Now I know that as a guy, it is much easier (and safer) for me to adventure-travel and I hate it that women can't have some adventures without a man around, and so its easy to see why the men on this tour are outnumbered more than 2:1.
The tour stay in waning two star hotels, ones that have certainly seen better days. Usually the locations are good, and there was a day when these hotels must have been amazing, but when we check in, its easy to see they are run down, and nobody cares. But I don't mind, I mean I didn't come this far to stay in a fancy hotel, and the hours spent in their rooms, should be spent asleep.
Blue Valley Jungle Resort, Mudumalai Wildlife Sanctuary – looks nice, but some of the wildlife crawled across my bed around 3am (a large rat).
The other part about being on a tour is mostly we interact with each other, and the products of the culture we are passing through, but rarely the people of it. I miss that. But the people on this tour are all well traveled, much more than I, and getting to know the 11 other people reminds me of summer church camp, its exactly like Summer Camp, but for adults.
Two young ladies have been traveling Asia for the past six weeks. “What advice would you give, based on your experience?” I asked one afternoon, expecting a cool couldn't of done without it gadget answer. After a few minutes one says “learn enough of the local language to say hello and thank you.”
Oh, so that is what they have been saying, “Nanni,” which apparently means thank you, in the language of Kerala.
Even though the trip is well scripted, surprises still slip in. Like when we were walking a street in Madurai and one the street venders was hawking a wire toy. Think of a Spirograph but in three dimensions that can be changed into a multitude of shapes.
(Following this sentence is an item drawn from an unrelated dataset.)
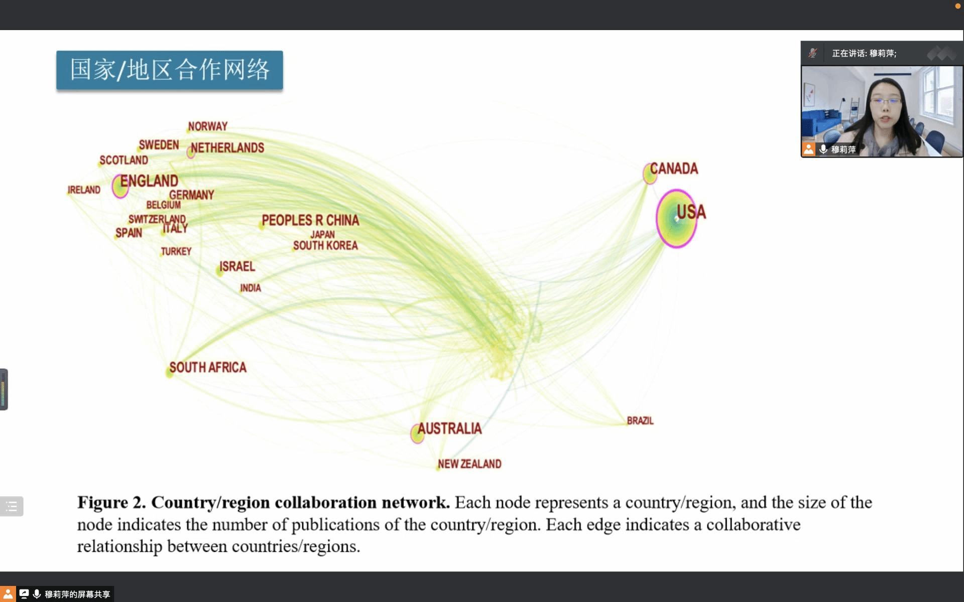 博士生穆莉萍为师生们作了主题为“青少年抗逆力”和“服务学习”的学术论文报告。汇报伊始,穆同学首先为大家介绍了题为《青少年抗逆力研究的趋势及热点》的文献计量类论文。论文使用可视化软件CiteSpace提取文献中的关键信息,分析青少年抗逆力研究的研究生产主体、知识结构、研究热点等科学特征,最后以知识图谱的形式直观地呈现出来,揭示了青少年抗逆力研究的网络结构和研究热点及未来研究方向。随后,基于服务学习的社会实践基础,穆同学汇报了题为《Service Leadership through Serving Minority Adolescents in Rural China Using a Rural Version of a Positive Youth Development Program》的研究,论文基于青少年积极发展的视角,讨论了服务领导力学习对服务少数民族青少年积极发展的影响研究,研究发现服务领导力学习课程对于服务接受者和服务实施者都有较为显著的正向积极影响。

I made the mistake of looking at him murmuring to myself “Why I have not seen one of those in years,” and he followed me for the next six blocks, pushing them in my face. Dad must have picked up one of these on one of his trips to India in the 1970s. “Had he too been here?” I wondered giving false hope to the street vendor who kept dropping his price. I guess I should also learn to say No in the local language, because shaking my head isn’t working.